> [Supplied material]
* * * * * * *

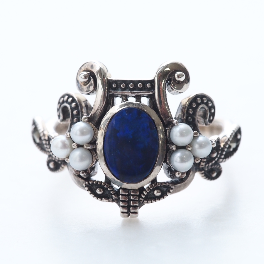 ROKUZAN サンゴ 竪琴 ハープ ブローチ ペンダントトップ (チェーンなし) ネックレス ペンダント トップ ヘッド シルバー925 マーカサイト パール 真珠 爆買
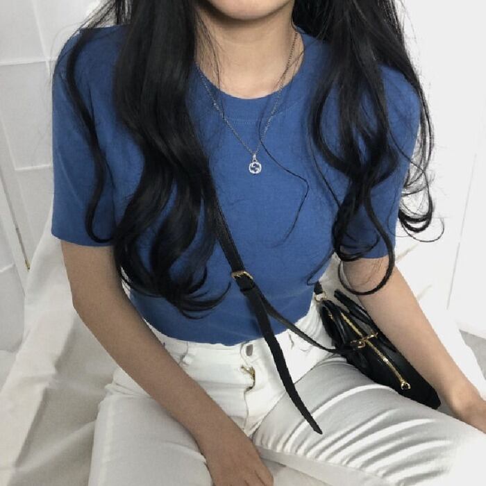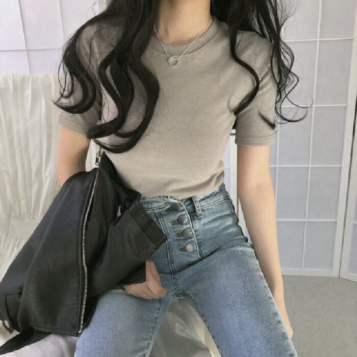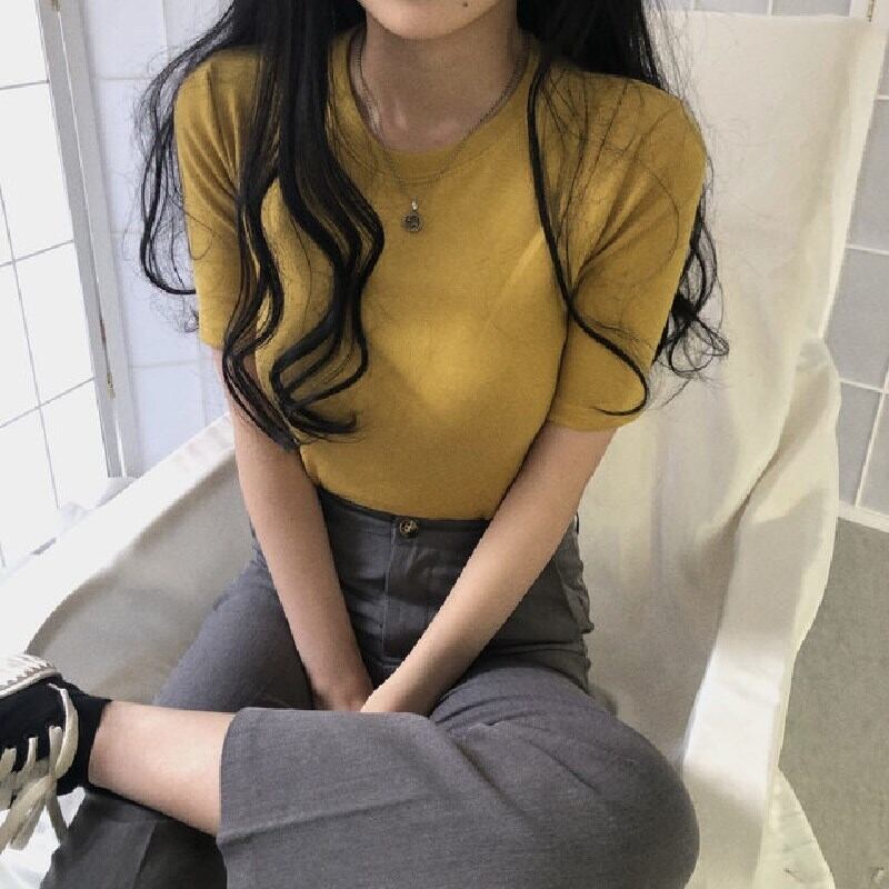 ソリッド カラースリムトップス サマールーズTシャツ シャツ 夏物 ソリッドカラー モンロー46547147175
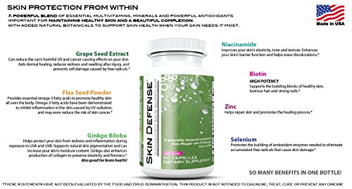 SKIN DEFENSE can help combat deficiencies and supports repair processes in MAINTAIN OPTIMUM GROWTH OF HAIR, SKIN and NAILS*. Nutrients are the critical building blocks of body structures. Even a mild deficiency can impede your body's ability to make healthy, glowing skin, thick hair and strong nails. If vital nutrients are not available, it is like building a house without all the materials and tools. When wear and tear is allowed to continue, ailments develop and magnify, and your body will not be able to keep up with maintenance against normal forces of aging and even gravity! Chemical and weather assaults can inhibit natural processes of rejuvenation. They can have a drying effect by removing natural protective oils, which can leave you exposed. Without natural moisture, skin can appear dull, dry and flaky that can enhance the appearance of those unwanted fine lines making you look older. Free radicals bombard the skin and can result in breakdown of cells, causing unwanted age spots, scarring, hyperpigmentation, wrinkles and loss of elasticity and firmness. SKIN DEFENSE contains POWERFUL ANTIOXIDANTS to help fight harmful effects on your skin by neutralizing free radical! The best Hair Skin and Nails Vitamin!
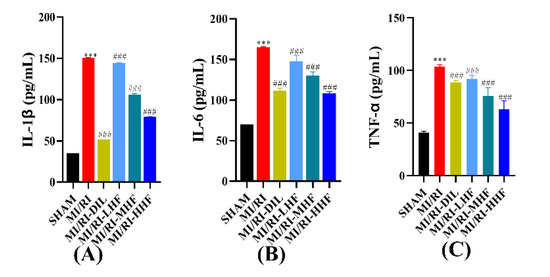 Effects of HF on inflammatory cytokines. (A) IL-1β(n = 15~16). (B) IL-6 (n = 15~16). (C) TNF-α (n = 15~16). Results were expressed as mean ± SD. *** p < 0.001 vs. SHAM group. ### p < 0.001 vs. MI/RI group.

* * * * * * *

> [Your assignment]
The line with "ソリッド カラースリムトップス サマールーズTシャツ" and each line after it, through the final line of the data, are to be duplicated exactly, with pictures left out and nothing more included.

> [Task result]
 ソリッド カラースリムトップス サマールーズTシャツ シャツ 夏物 ソリッドカラー モンロー46547147175
 SKIN DEFENSE can help combat deficiencies and supports repair processes in MAINTAIN OPTIMUM GROWTH OF HAIR, SKIN and NAILS*. Nutrients are the critical building blocks of body structures. Even a mild deficiency can impede your body's ability to make healthy, glowing skin, thick hair and strong nails. If vital nutrients are not available, it is like building a house without all the materials and tools. When wear and tear is allowed to continue, ailments develop and magnify, and your body will not be able to keep up with maintenance against normal forces of aging and even gravity! Chemical and weather assaults can inhibit natural processes of rejuvenation. They can have a drying effect by removing natural protective oils, which can leave you exposed. Without natural moisture, skin can appear dull, dry and flaky that can enhance the appearance of those unwanted fine lines making you look older. Free radicals bombard the skin and can result in breakdown of cells, causing unwanted age spots, scarring, hyperpigmentation, wrinkles and loss of elasticity and firmness. SKIN DEFENSE contains POWERFUL ANTIOXIDANTS to help fight harmful effects on your skin by neutralizing free radical! The best Hair Skin and Nails Vitamin!
 Effects of HF on inflammatory cytokines. (A) IL-1β(n = 15~16). (B) IL-6 (n = 15~16). (C) TNF-α (n = 15~16). Results were expressed as mean ± SD. *** p < 0.001 vs. SHAM group. ### p < 0.001 vs. MI/RI group.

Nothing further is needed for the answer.